Dr. Burger has had a special interest in brain and spinal cord tumors in children, being a reviewer of select protocols for the Children’s Oncology Group (COG), and before that for CNS tumor protocols of the Pediatric Oncology Group. Dr. Burger maintains an active consult practice as reviewer of CNS tumors, and maintains close relationships with oncology programs and pathology departments at many pediatric hospitals. While not in a position to give clinical advice, he is always willing to speak with parents about pathological issues.

Dr. Warren received her B.S., in medical technology in 1982 and her M.D., from Tufts University School of Medicine in 1990. She completed a residency in pediatrics at Children's National Medical Center, followed by a fellowship in pediatric oncology at the National Cancer Institute. She is board certified in pediatric hematology/oncology. Her research interests include performance of clinical trials, particularly in children with tumors of the central nervous system, non-invasive evaluation/imaging of the brain, and neurotoxicity resulting from tumors and their treatment.

Cancer of the central nervous system (CNS) is the leading cause of death from solid tumors in the pediatric population. For some types of CNS malignancies, such as diffuse intrinsic pontine glioma (DIPG) and recurrent malignant glioma, no significant improvement in survival has been demonstrated over the past three decades. The approach to treatment has not changed substantially, despite increasing knowledge of tumor biology. The goal of Dr. Warren's research is to establish new therapeutic paradigms based on pharmacokinetic and biologic rationale to improve both survival and quality of life for children with CNS tumors.

Dr. Warren's strategy entails a multifaceted approach.

  1. Experimental therapeutics and extensive noninvasive analysis of individual patients, including multiparametric imaging
  2. Utilization of a nonhuman primate model to study CNS pharmacology of agents and alternate delivery methods
  3. Identification of intratumor genomic alterations that encode potentially druggable targets

Click here to view Dr. Warren's full biography.
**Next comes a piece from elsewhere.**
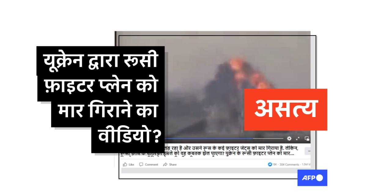 फ़ेसबुक पर 24 फ़रवरी, 2022 को शेयर किए गए फ़ुटेज के कैप्शन में लिखा है, "यूक्रेन द्वारा एक रूसी जेट को मार गिराने का यह वीडियो उनकी बहादुरी का उदाहरण है".

Associate Professor Pediatrics
Director, Pediatric Neuro-Oncology Program

Following his training in pediatrics, pediatric hematology-oncology and neuro-oncology, Dr. MacDonald has built a career that encompasses clinical, basic and translational research of childhood brain tumors. He has received continuous NIH-sponsored funding support for his research efforts for the past 9 years, which has focused on identification of molecular therapeutic targets of perdiatric brain tumors. Having pioneered the use of microarray technology for the study of pediatric medulloblastoma and astrocytoma, and discovering that the platelet-derived growth factor receptor (PDGFR) is active and over-produced by metastatic tumors and tumors demonstrating more malignant characteristics, respectively, he is now working to translate these and other novel findings to innovative treatments for children with brain tumors.

Before joining the Aflac Cancer Center to direct the Pediatric Neuro-Oncology Program in September 2009, Dr. MacDonald served as the Clinical Director of Neuro-oncology at Children’s National Medical Center from 1998-2009 and served as Chair of Infant Brain Tumors for the NIH-sponsored Pediatric Brain Tumor Consortium (PBTC) as well as Co-Chair of the PBTC Biology and Angiogenesis Committees since the group’s inception in 1999. In addition to serving on numerous clinical trial committees within PBTC and the Children’s Oncology Group, most prominently as Principal Investigator of the completed Phase I and currently ongoing Phase II study of cilengitide, which he helped to develop from bench-to-bedside, Dr. MacDonald was the institutional Principal Investigator for over 26 clinical trials conducted through PBTC.

One of his additional passions is training the next generation of pediatric scientists, and over the past 10 years, he has mentored 14 students, from undergraduate to graduate and medical, and 9 post-doctoral fellows, the majority of which are now currently conducting oncology research of their own.